On Monday Facebook will inform its larger U.K. customers that from April they will receive invoices from Facebook U.K. and not Facebook Ireland, a spokesman for the company told Bloomberg in an e-mailed statement. It means U.K. sales made directly by the firm’s U.K. team will be booked in the U.K., not Ireland. Facebook U.K. will then record the revenue from these sales.

Facebook received widespread criticism in October after the social network giant was revealed to have paid only 4,327 pounds ($6,128) in taxes for 2014, less than the average U.K. worker. Google Inc. has also faced controversy over its U.K. tax affairs, settling a 130 million-pound payment in back taxes in January.

The overhaul of tax structure comes after increasing global pressure on its tax affairs and as a reaction to changing tax rules, the BBC, which first reported the news said, citing unidentified sources. Last year the U.K. implemented a new Diverted Profits Tax that assesses a 25 percent rate on the profits of companies found to have avoided U.K. tax due to "contrived" arrangements. The current top U.K. corporate tax rate is 20 percent, and it is set to fall to 18 percent by 2020.

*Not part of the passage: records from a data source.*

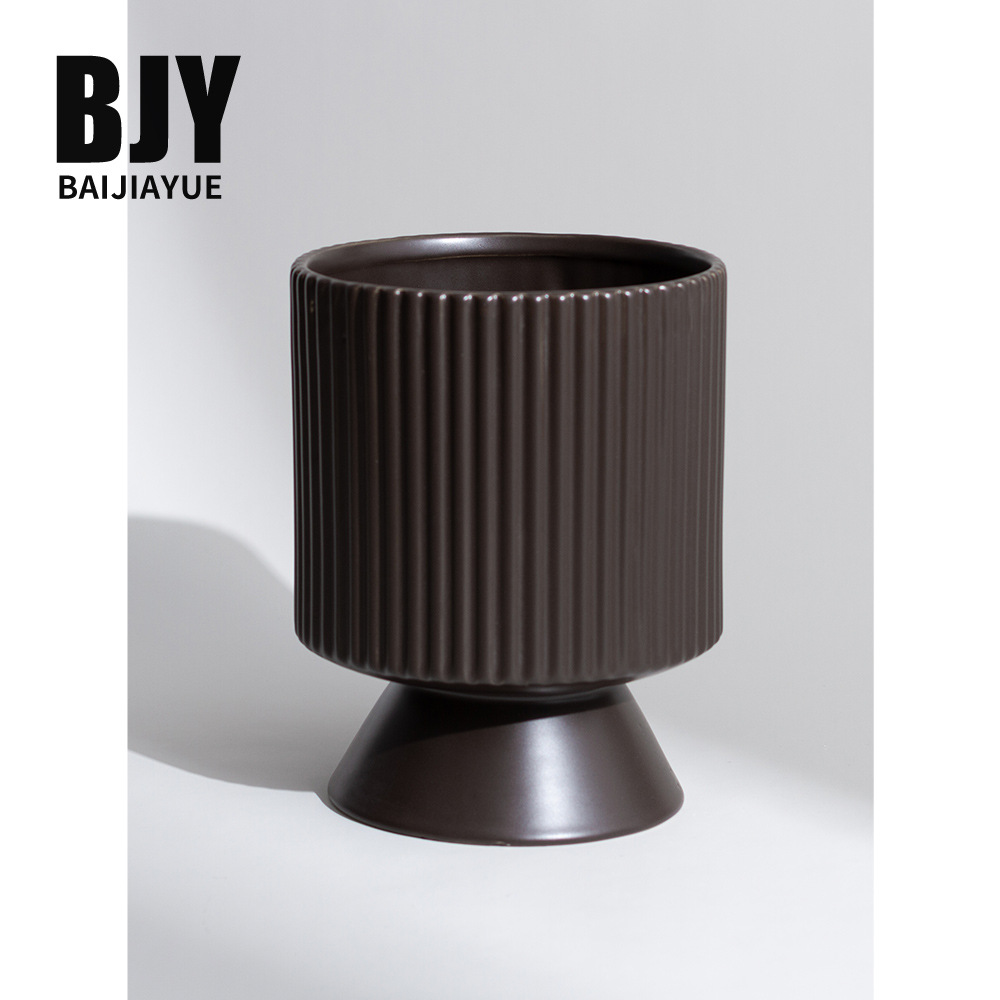 北欧風ストライプセラミック植木鉢 モダンシンプル モランディデザイナー 緑植物用植木鉢 卓上ホームデコレーション 手作り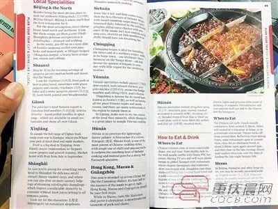 在《中国》分册旅行中国的推荐线路中,首先就有为期四周的“长江之旅”。作为这趟旅行的重要行程之一,书中对重庆的形容是:“辣的故乡,三峡门户,有火辣辣的重庆火锅。”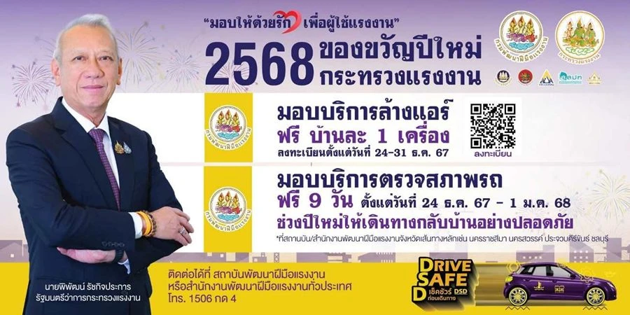 บริษัท โตโยต้า มอเตอร์ ประเทศไทย จำกัด ร่วมกับ ผู้แทนจำหน่ายโตโยต้า เข้าร่วมงาน โครงการ Drive Safe D เช็คชัวร์ ก่อนเดินทาง โดย ท่านรัฐมนตรีว่าการกระทรวงแรงงาน นายพิพัฒน์ รัชกิจประการ เป็นประธานในพิธีเปิดงาน เมื่อวันที่ 24 ธันวาคม 2567 ที่ผ่านมา ณ กระทรวงแรงงาน

Facebook does not break out how much revenue it earns from U.K. sales or what portion of those sales are supported by U.K.-based sales representatives rather than booked online without human support. The company employs 850 people in the U.K. and Facebook spokesman Chris Norton said sales booked by local sales people represented "a substantial" portion of its total sales to U.K. customers.

The new tax recognition structure will include customers such as food retailer Tesco Plc and advertising giant WPP Plc.

The British Treasury welcomed the additional revenue. “The government is committed to making sure multinationals pay their fair share of tax,” it said in a statement. “That’s why we’ve taken unprecedented action both domestically through introducing the diverted profits tax, and internationally through leading the world’s major economies to introduce new rules to tackle aggressive tax planning by multinationals.”

But Chancellor of the Exchequer George Osborne is unlikely to repeat the public welcome he gave Google’s announcement. After he publicly described that as a “victory,” he was pilloried by the opposition Labour Party, which argued the amount the company was paying was “derisory.”

Her Majesty’s Revenue & Customs, the U.K. tax agency, said it does not comment on individual taxpayers, but said in an e-mailed statement that it “ensures that all multinationals pay the tax due under U.K. law and we do not settle for a penny less. We will closely examine any business’s structure on behalf of the British public to make absolutely sure they pay all the tax due to the U.K. And the new Diverted Profits Tax will ensure the U.K. gets its fair share of tax from a multinational’s profits by making them restructure to stop shifting profits overseas."

The changes to Facebook’s tax structure apply only to the amount it will pay going forward and does not address past concerns. In its latest U.K. financial filings, Facebook revealed unspecified contingent tax liabilities for the years 2010 through 2014. The company said that it planned to defend any claims for back taxes and that it did not believe it "probable" that it would have to pay any back tax.

Facebook uses a "Double Irish" tax structure similar to that used by Google’s parent company Alphabet Inc., to book international revenues through an Irish subsidiary. This company then moves most of these revenues—in the form of licensing fees for intellectual property—to other Irish-registered companies that are physically located in the Cayman Islands and Bermuda, which have no corporate tax. By holding these funds outside the U.S., Facebook also avoids paying U.S. tax on its international profits.

Ireland closed the tax loophole that allowed the "Double Irish" in 2014 but companies already using the structure can keep it in place until 2020.

—With assistance from Robert Hutton.